++++ Excerpted data ++++

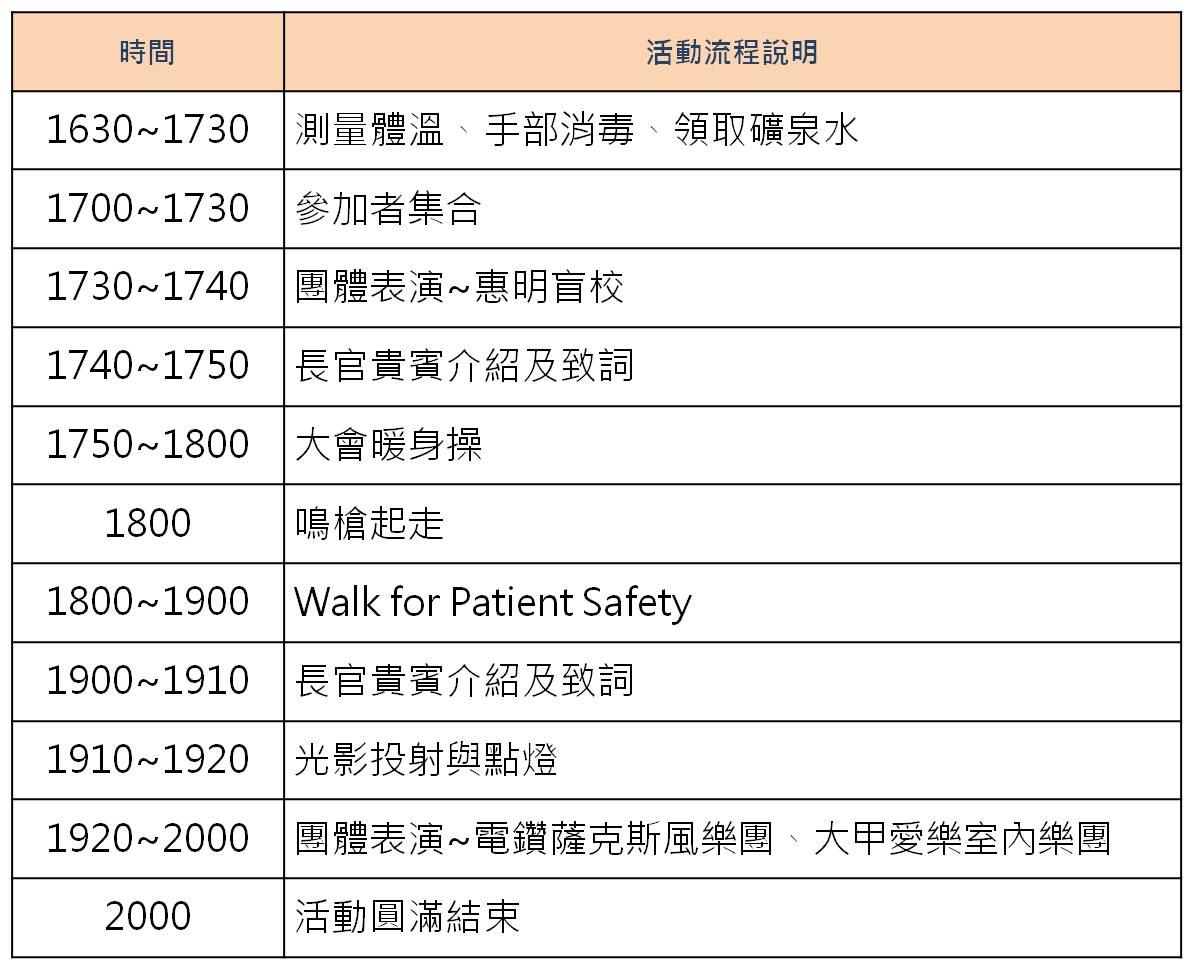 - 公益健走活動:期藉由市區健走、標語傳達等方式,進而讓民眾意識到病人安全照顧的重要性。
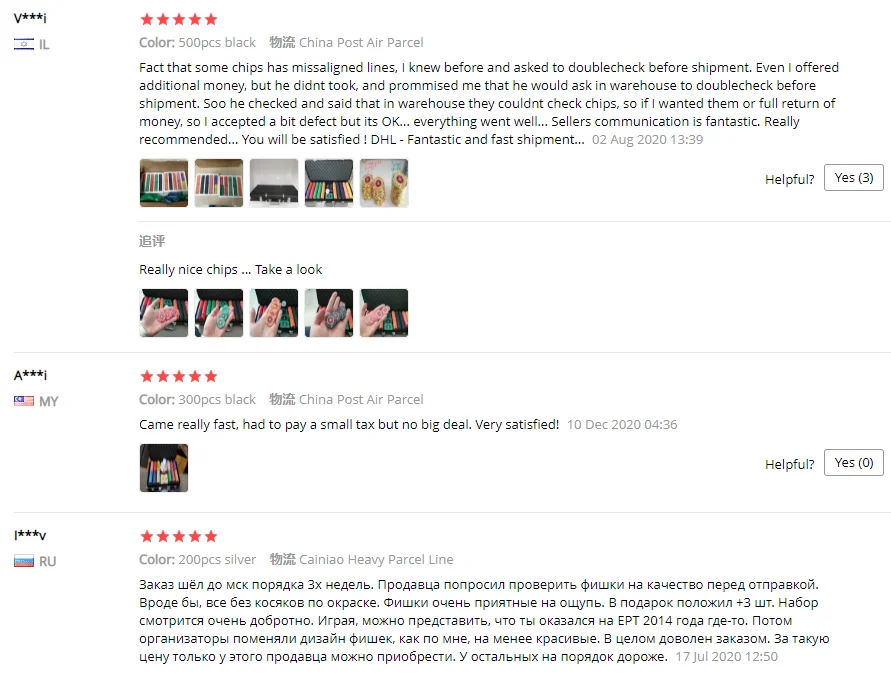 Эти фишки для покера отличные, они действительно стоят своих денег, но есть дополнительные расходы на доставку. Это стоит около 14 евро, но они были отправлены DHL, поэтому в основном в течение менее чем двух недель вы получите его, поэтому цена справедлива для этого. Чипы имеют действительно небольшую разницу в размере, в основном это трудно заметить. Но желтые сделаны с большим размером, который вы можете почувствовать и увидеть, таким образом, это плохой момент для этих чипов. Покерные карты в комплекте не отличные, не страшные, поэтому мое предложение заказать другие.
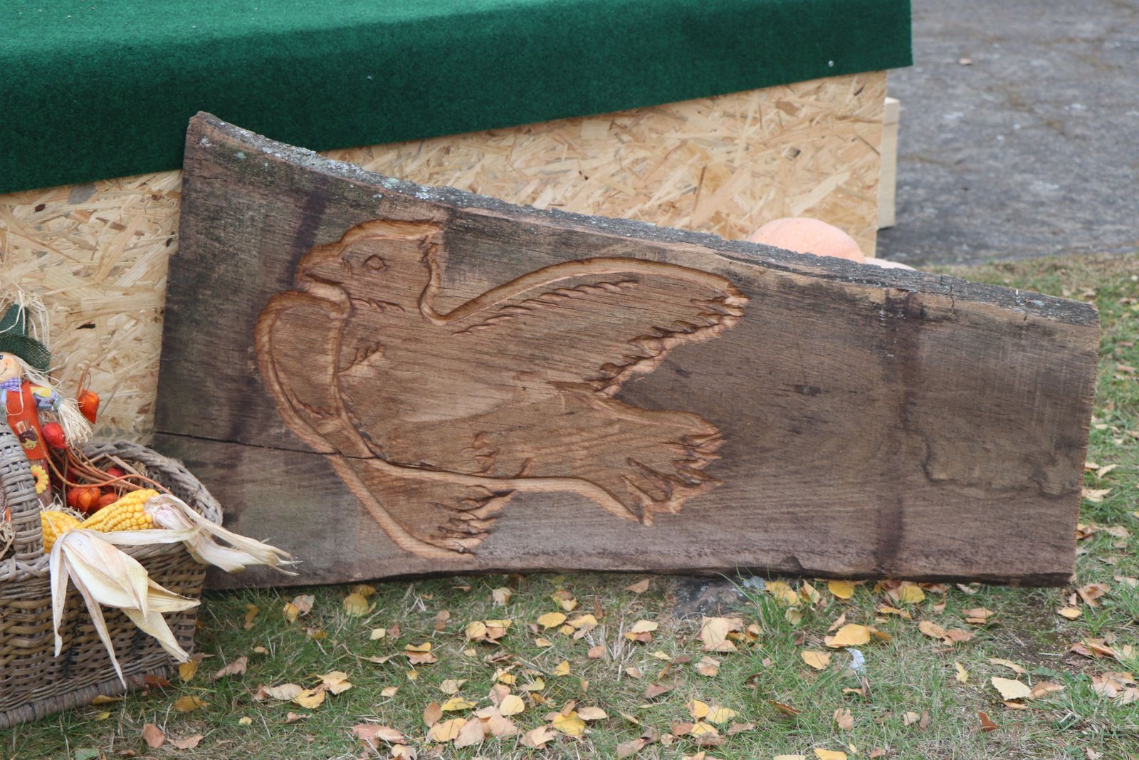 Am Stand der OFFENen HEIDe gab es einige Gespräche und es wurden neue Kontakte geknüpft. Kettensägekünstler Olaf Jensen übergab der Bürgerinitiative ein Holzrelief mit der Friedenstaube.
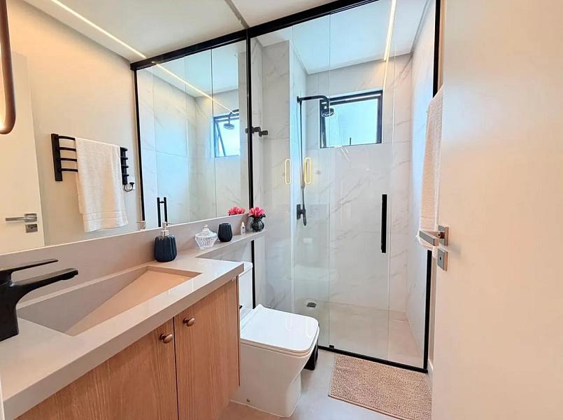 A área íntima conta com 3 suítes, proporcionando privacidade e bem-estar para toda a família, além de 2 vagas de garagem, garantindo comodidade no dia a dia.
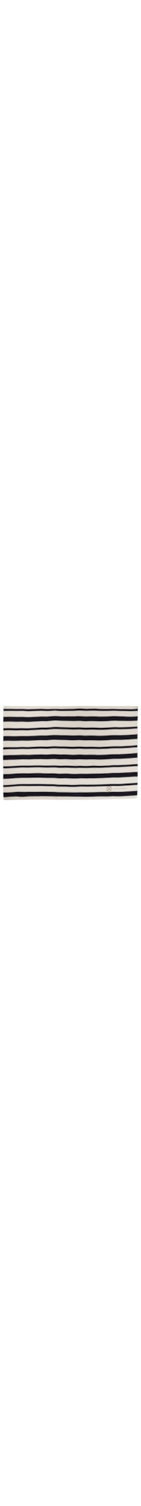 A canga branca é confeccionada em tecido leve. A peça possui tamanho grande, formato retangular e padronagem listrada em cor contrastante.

++++

With pictures left out, repeat exactly the lines from the line bearing "Am Stand der" through the final line of the records above.

 Am Stand der OFFENen HEIDe gab es einige Gespräche und es wurden neue Kontakte geknüpft. Kettensägekünstler Olaf Jensen übergab der Bürgerinitiative ein Holzrelief mit der Friedenstaube.
 A área íntima conta com 3 suítes, proporcionando privacidade e bem-estar para toda a família, além de 2 vagas de garagem, garantindo comodidade no dia a dia.
 A canga branca é confeccionada em tecido leve. A peça possui tamanho grande, formato retangular e padronagem listrada em cor contrastante.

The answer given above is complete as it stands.